PROMPT: Omit the pictures, then write out every entry exactly as it reads.

(Stored entries)
-- Opening Marker --

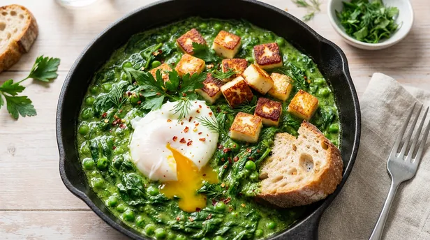 1. De verrassende weekendbrunch: Groene shakshuka met krokante halloumi
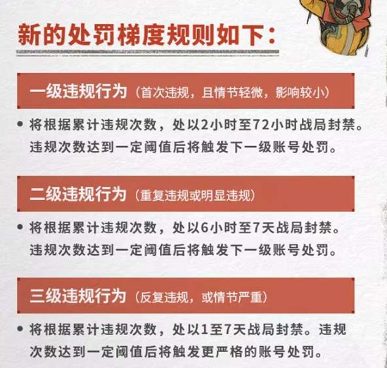 处罚措施:根据累计违规次数,处以6小时至7天战局封禁。
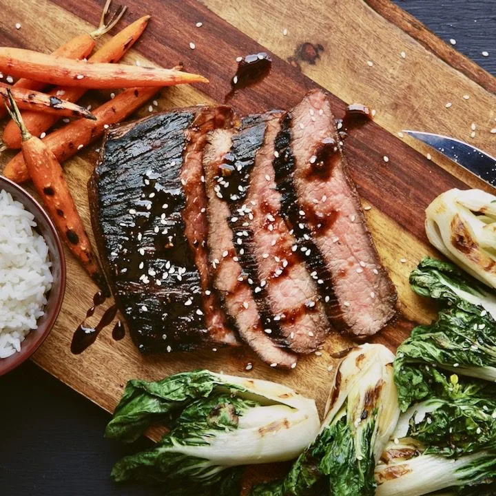 Grilled Marinated Flank Steak with Choi Sum and Baby Carrots
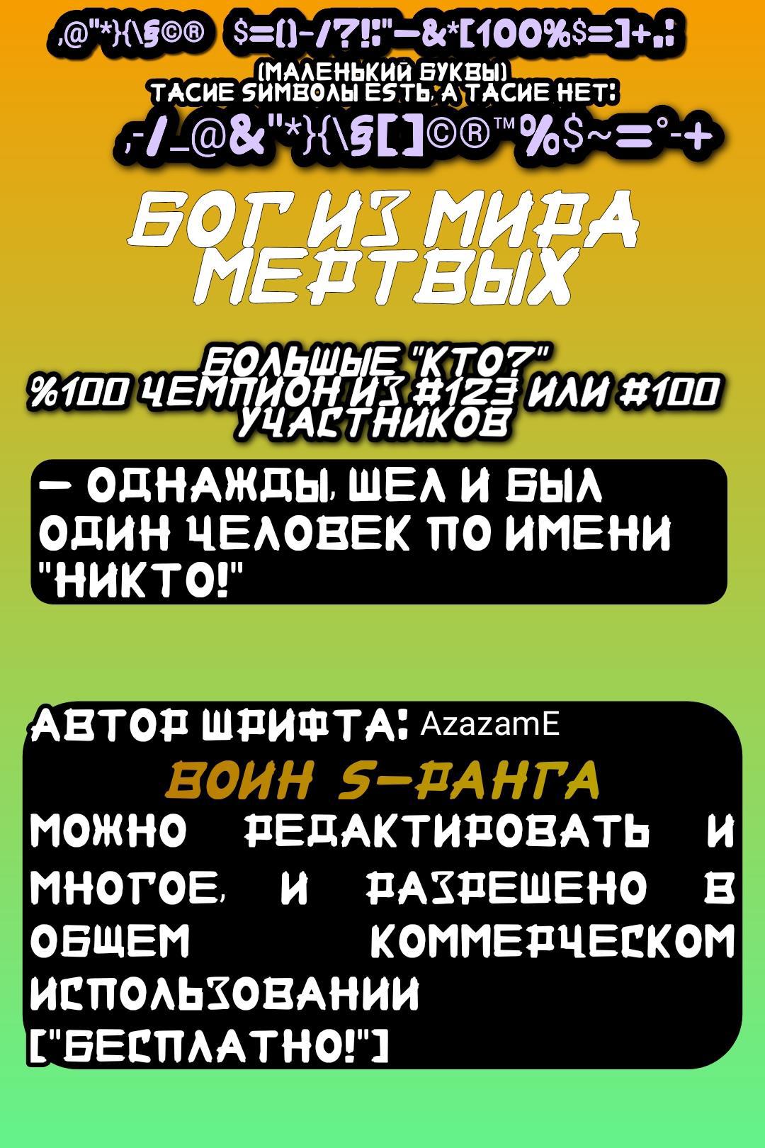 Вы можете увидеть английские буквы, это те буквы которые не написаны на большим, и таких всего шесть. Слово "Бог из мира мертвых" интересный, буду с каждым новым шрифтом такое писать.
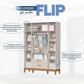 O roupeiro Flip 4 Portas areia, é ideal para futuras mamães que buscam organização, beleza e tranquilidade! Produzido em MDF com pintura UV atóxica, garante segurança para o bebê e alta durabilidade. Seu design funcional facilita o dia a dia e deixa o quarto ainda mais acolhedor.
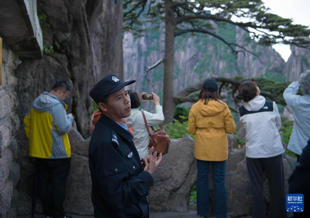 6月4日,“守松人”丁丁在给游客介绍迎客松的故事。

-- Closing Marker --

PROBLEM SOLUTION:
 1. De verrassende weekendbrunch: Groene shakshuka met krokante halloumi
 处罚措施:根据累计违规次数,处以6小时至7天战局封禁。
 Grilled Marinated Flank Steak with Choi Sum and Baby Carrots
 Вы можете увидеть английские буквы, это те буквы которые не написаны на большим, и таких всего шесть. Слово "Бог из мира мертвых" интересный, буду с каждым новым шрифтом такое писать.
 O roupeiro Flip 4 Portas areia, é ideal para futuras mamães que buscam organização, beleza e tranquilidade! Produzido em MDF com pintura UV atóxica, garante segurança para o bebê e alta durabilidade. Seu design funcional facilita o dia a dia e deixa o quarto ainda mais acolhedor.
 6月4日,“守松人”丁丁在给游客介绍迎客松的故事。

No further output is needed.